*** Opening of EXERCISE DATA ***

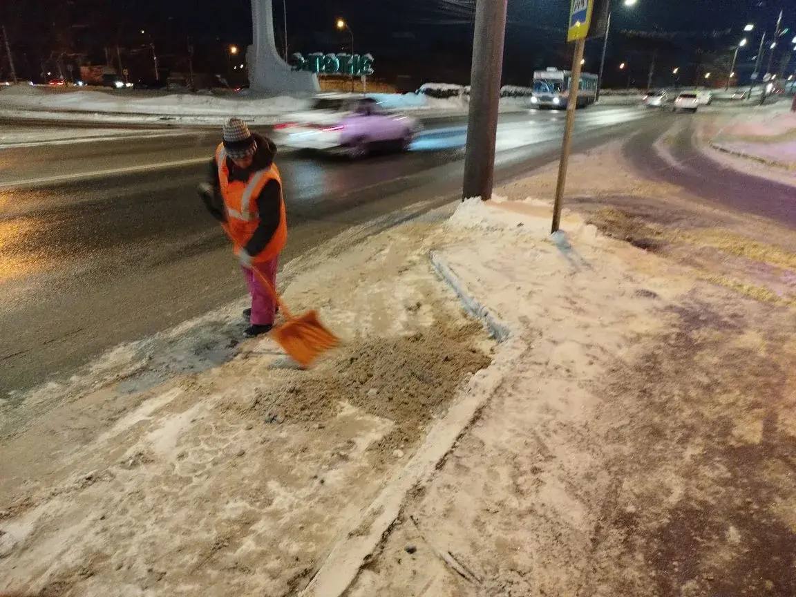 В течение дня техника и рабочие бригады продолжат работу по уборке улиц, обработке тротуаров противогололедными материалами.
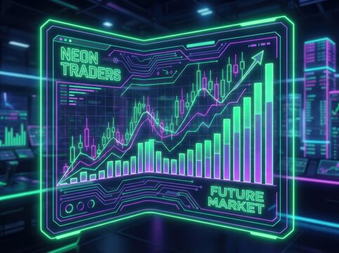 Futuristic neon display showcasing financial data, charts, and market trends with vibrant colors.
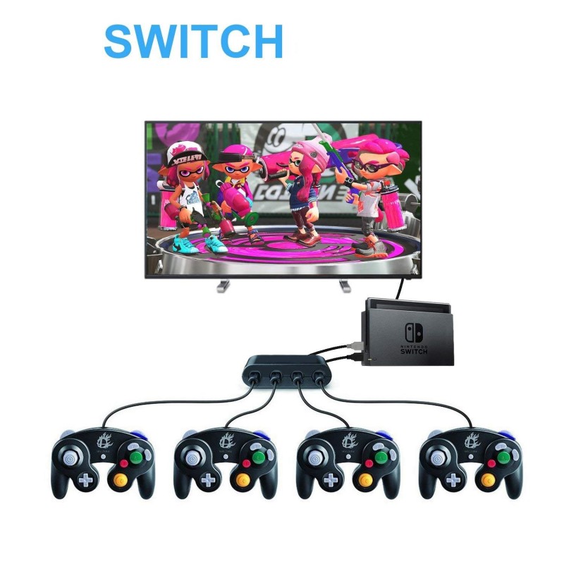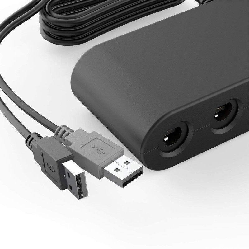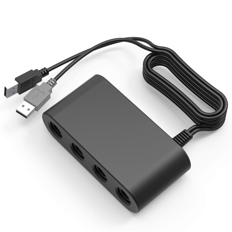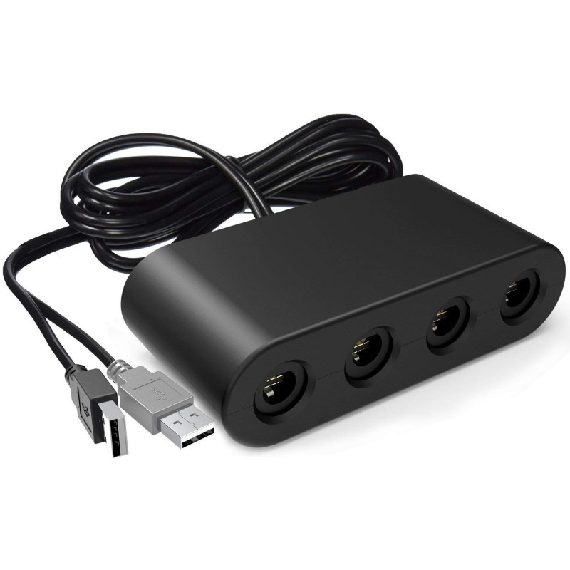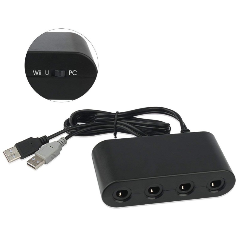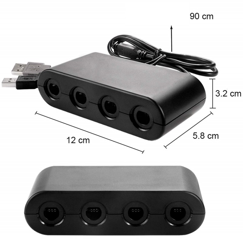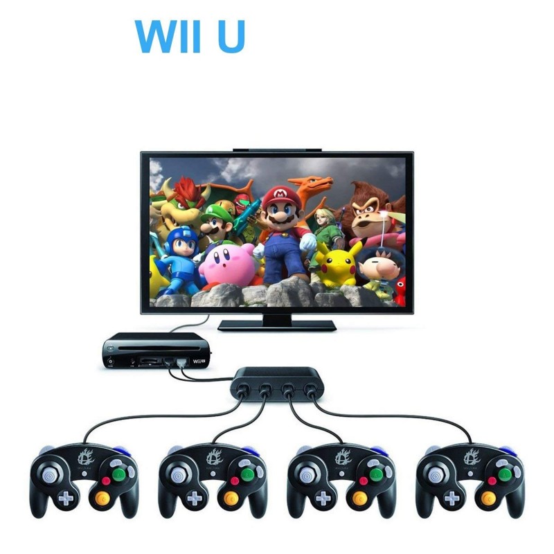 Este adaptador de controlador GameCube permite configurar até quatro jogadores originais com seus controladores com fio Nintendo GameCube existentes e controladores sem fio wavebird para seus jogos Smash Bros
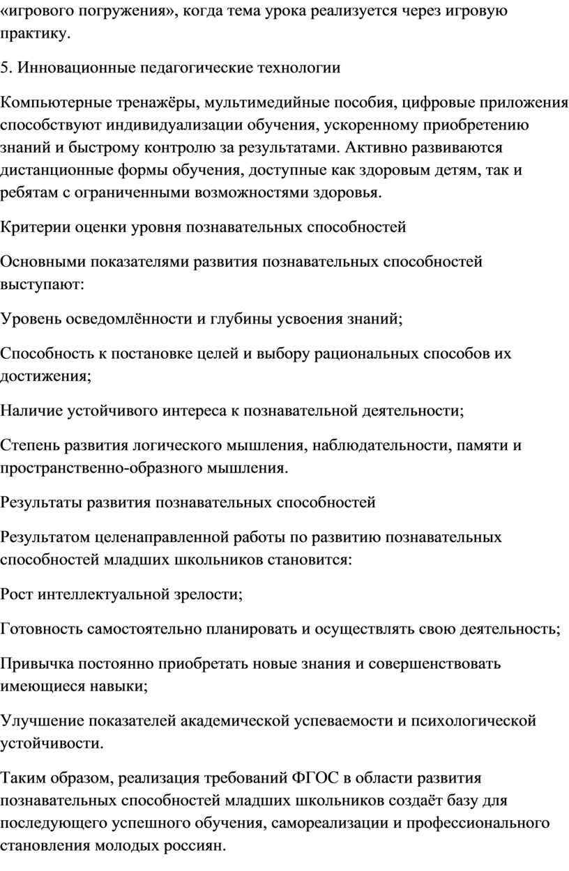 Таким образом, реализация требований ФГОС в области развития познавательных способностей младших школьников создаёт базу для последующего успешного обучения, самореализации и профессионального становления молодых россиян.
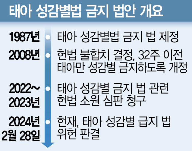 지난 달 28일 헌법재판소는 32주 전 태아 성별을 고지하는 것을 금지하는 의료법 20조 2항에 대해 재판관 6대3 의견으로 위헌 결정을 내렸다. 헌재는 지난 2008년 임신 기간 내내 성별 고지를 금지한 의료법 조항이 헌법에 맞지 않는다며 헌법불합치 결정을 내렸고, 이듬해 임신 32주가 지나면 성별을 고지할 수 있도록 대체 법안이 입법됐다. 하지만 입법 이후에도 해당 조항은 사실상 사문화됐다.
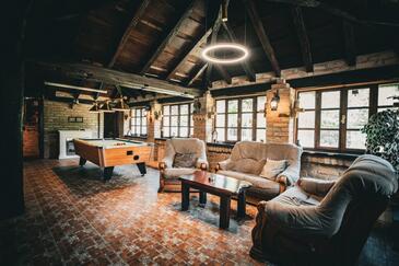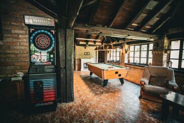 Az Ház 8 főt tud fogadni. Az ágyak a/az 2 hálószobában, és a nappaliban/ben vannak, melynek méretei 202m2. A forró nyári estéket a vendégek saját teraszukon élvezhetik. A teljes élvezet és kikapcsolódás érdekében van saját barbecue hely is, csakis e szálláshely vendégei számára. A szállásegységbe lehetséges háziállatot hozni, ennek költségét a foglalási díj tartalmazza. A lefoglalt szállásegység bizonyos helyiségei nem összekötöttek.
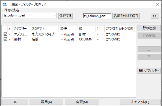 [一般図 - フィルタープロパティ] ダイアログ ボックスを開くには、[フィルター] をクリックし、柱を対象として [部材 - 名前] および [オブジェクト - オブジェクト タイプ] によるフィルターを作成し、[変更] をクリックします。
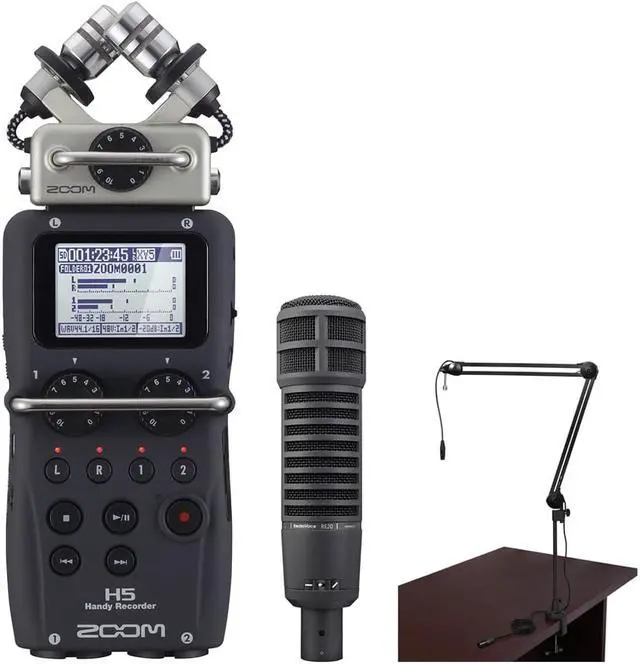 Plus a Two-Section Broadcast Arm with Internal Springs and Integrated XLR Cable. Box Contains Zoom H5 Handy Recorder with Interchangeable Microphone System XYH-5 Microphone Capsule Plastic Case Foam Windscreen USB Cable Two-Section Broadcast Arm with Internal Springs and Integrated XLR Cable Steinberg WaveLab LE Software (Download) Steinberg Cubase LE Software (Download) 2 x AA Batteries 1-Year Warranty Electro-Voice RE20 Broadcast Announcer Microphone with Variable-D (Black) 81715 Stand Adapter 3-Year Warranty
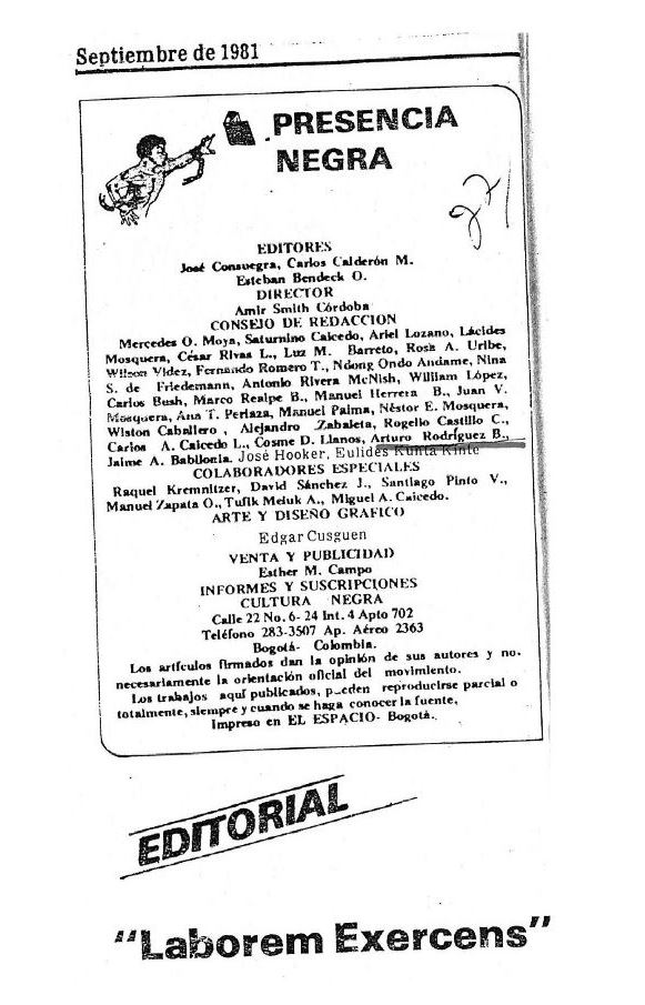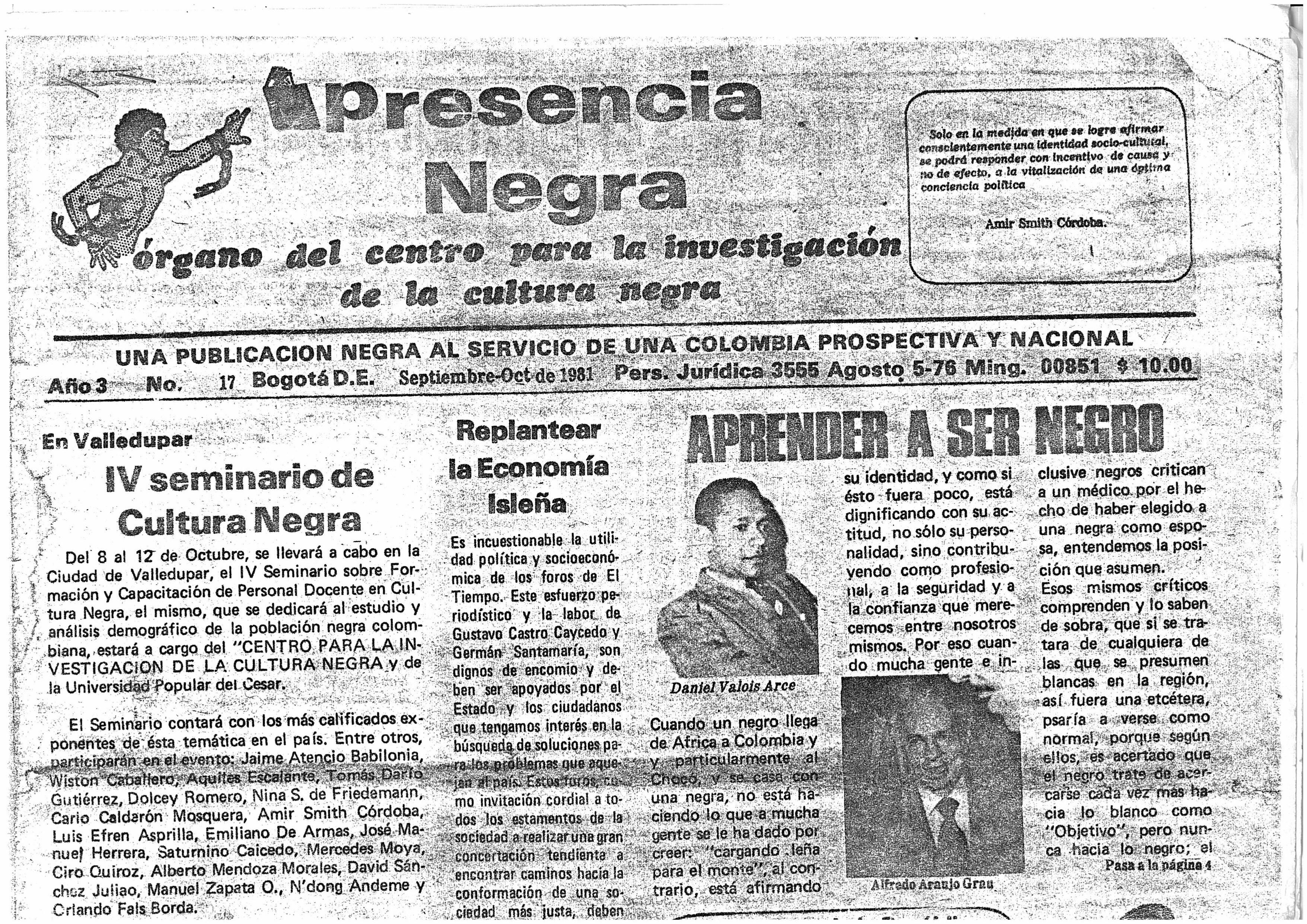 En la capital colombiana en 1975 cofundamos, con Manuel Zapata Olivella, Amir Smith Córdoba, Amilkar Ayala, Eduardo Díaz, Nicolás Murillo, Leonor Murillo, Doris García y Nina De Friedmann, el “Centro de Estudios Afrocolombianos, ‘Movimiento Joven Internacional, José Prudencio Padilla, Cultura Negra e India en Colombia”. El objetivo de este colectivo fue estudiar la presencia africana en Colombia para fundamentar una identidad psíquica-cultural en la población negra en Colombia.
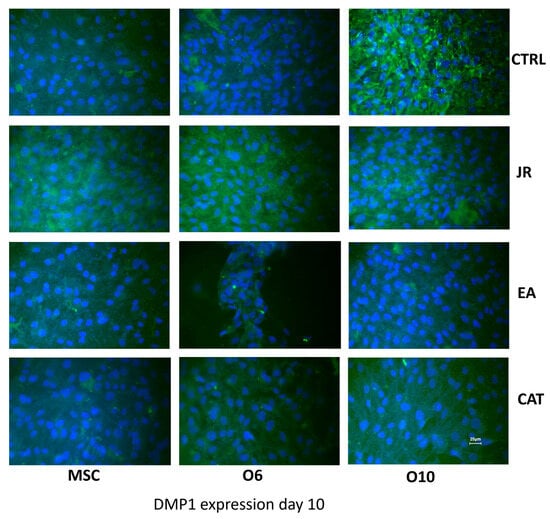 A similar effect was observed when staining for DMP1 (FITC). DMP1 is a critical protein for the proper mineralization process of bone and dentin; it is present in various cells of bone and dental tissues. In undifferentiated osteoblasts, it is primarily a nuclear protein regulating the expression of osteoblast-specific genes. During osteoblast maturation, the protein becomes phosphorylated and is exported to the extracellular matrix, where it initiates the formation of the mineralized matrix. In Figure 11, the intra-nuclear expression of DMP1 can be seen by young MSCs. This expression was much more intense and localized in the extracellular space for O6 and O10 cells, where the mineralization process was much more advanced. The effect of JR extract increases the synthesis of DMP1 by MSCs, with protein accumulation in the extracellular space. Mature O10 osteoblastic cells presented a slight decrease in DMP1 expression compared to the untreated control. EA acted only on young MSCs and induced a decrease in expression by mature cells. CAT also inhibited the expression of DMP1 in mature osteoblast lines.
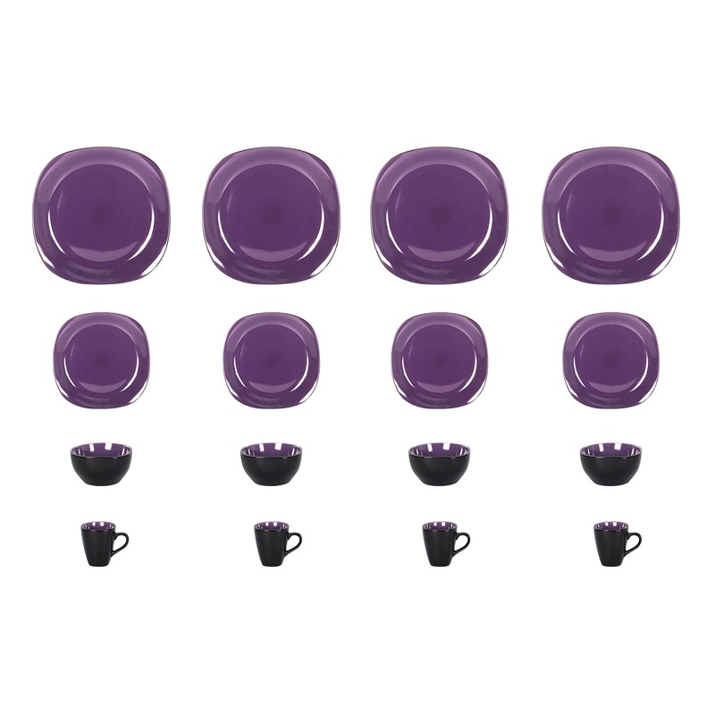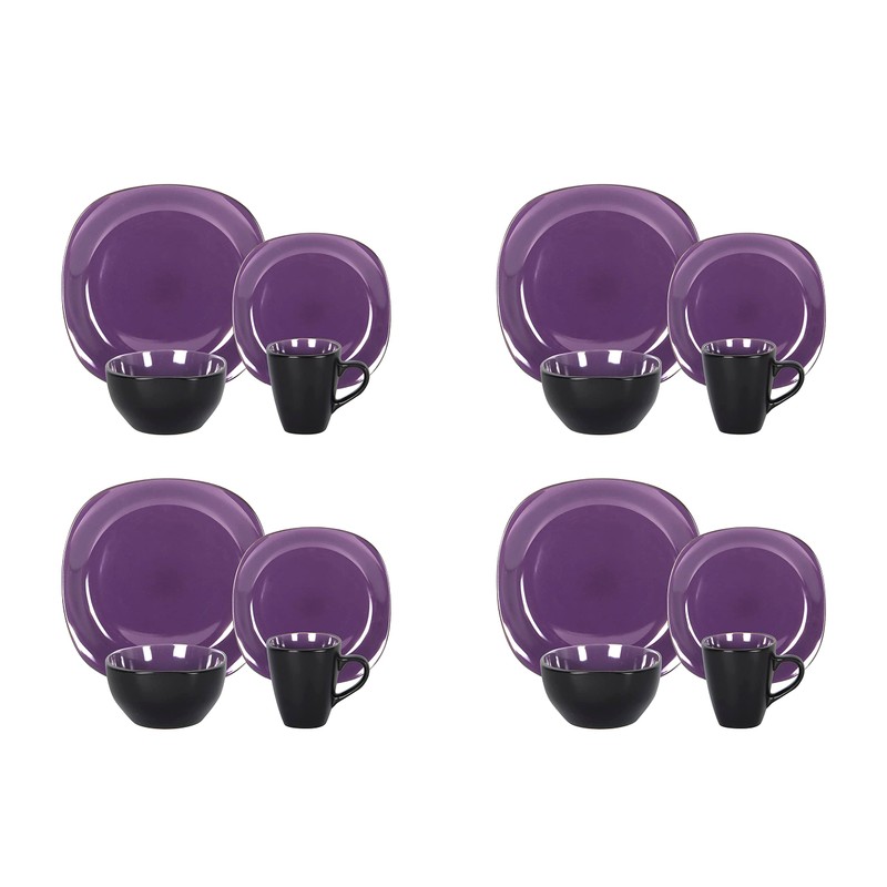 HomeVss, Stoneware Square 16pc Dinnerware Set, Inside Shiny Purple and Outside Matte Black

*** Close of EXERCISE DATA ***

EXERCISE INSTRUCTIONS -
Every line from the first line of the entries above through the line with "Plus a Two-Section" must be repeated exactly, and pictures must not be.

FINISHED EXERCISE -
 В течение дня техника и рабочие бригады продолжат работу по уборке улиц, обработке тротуаров противогололедными материалами.
 Futuristic neon display showcasing financial data, charts, and market trends with vibrant colors.
 Este adaptador de controlador GameCube permite configurar até quatro jogadores originais com seus controladores com fio Nintendo GameCube existentes e controladores sem fio wavebird para seus jogos Smash Bros
 Таким образом, реализация требований ФГОС в области развития познавательных способностей младших школьников создаёт базу для последующего успешного обучения, самореализации и профессионального становления молодых россиян.
 지난 달 28일 헌법재판소는 32주 전 태아 성별을 고지하는 것을 금지하는 의료법 20조 2항에 대해 재판관 6대3 의견으로 위헌 결정을 내렸다. 헌재는 지난 2008년 임신 기간 내내 성별 고지를 금지한 의료법 조항이 헌법에 맞지 않는다며 헌법불합치 결정을 내렸고, 이듬해 임신 32주가 지나면 성별을 고지할 수 있도록 대체 법안이 입법됐다. 하지만 입법 이후에도 해당 조항은 사실상 사문화됐다.
 Az Ház 8 főt tud fogadni. Az ágyak a/az 2 hálószobában, és a nappaliban/ben vannak, melynek méretei 202m2. A forró nyári estéket a vendégek saját teraszukon élvezhetik. A teljes élvezet és kikapcsolódás érdekében van saját barbecue hely is, csakis e szálláshely vendégei számára. A szállásegységbe lehetséges háziállatot hozni, ennek költségét a foglalási díj tartalmazza. A lefoglalt szállásegység bizonyos helyiségei nem összekötöttek.
 [一般図 - フィルタープロパティ] ダイアログ ボックスを開くには、[フィルター] をクリックし、柱を対象として [部材 - 名前] および [オブジェクト - オブジェクト タイプ] によるフィルターを作成し、[変更] をクリックします。
 Plus a Two-Section Broadcast Arm with Internal Springs and Integrated XLR Cable. Box Contains Zoom H5 Handy Recorder with Interchangeable Microphone System XYH-5 Microphone Capsule Plastic Case Foam Windscreen USB Cable Two-Section Broadcast Arm with Internal Springs and Integrated XLR Cable Steinberg WaveLab LE Software (Download) Steinberg Cubase LE Software (Download) 2 x AA Batteries 1-Year Warranty Electro-Voice RE20 Broadcast Announcer Microphone with Variable-D (Black) 81715 Stand Adapter 3-Year Warranty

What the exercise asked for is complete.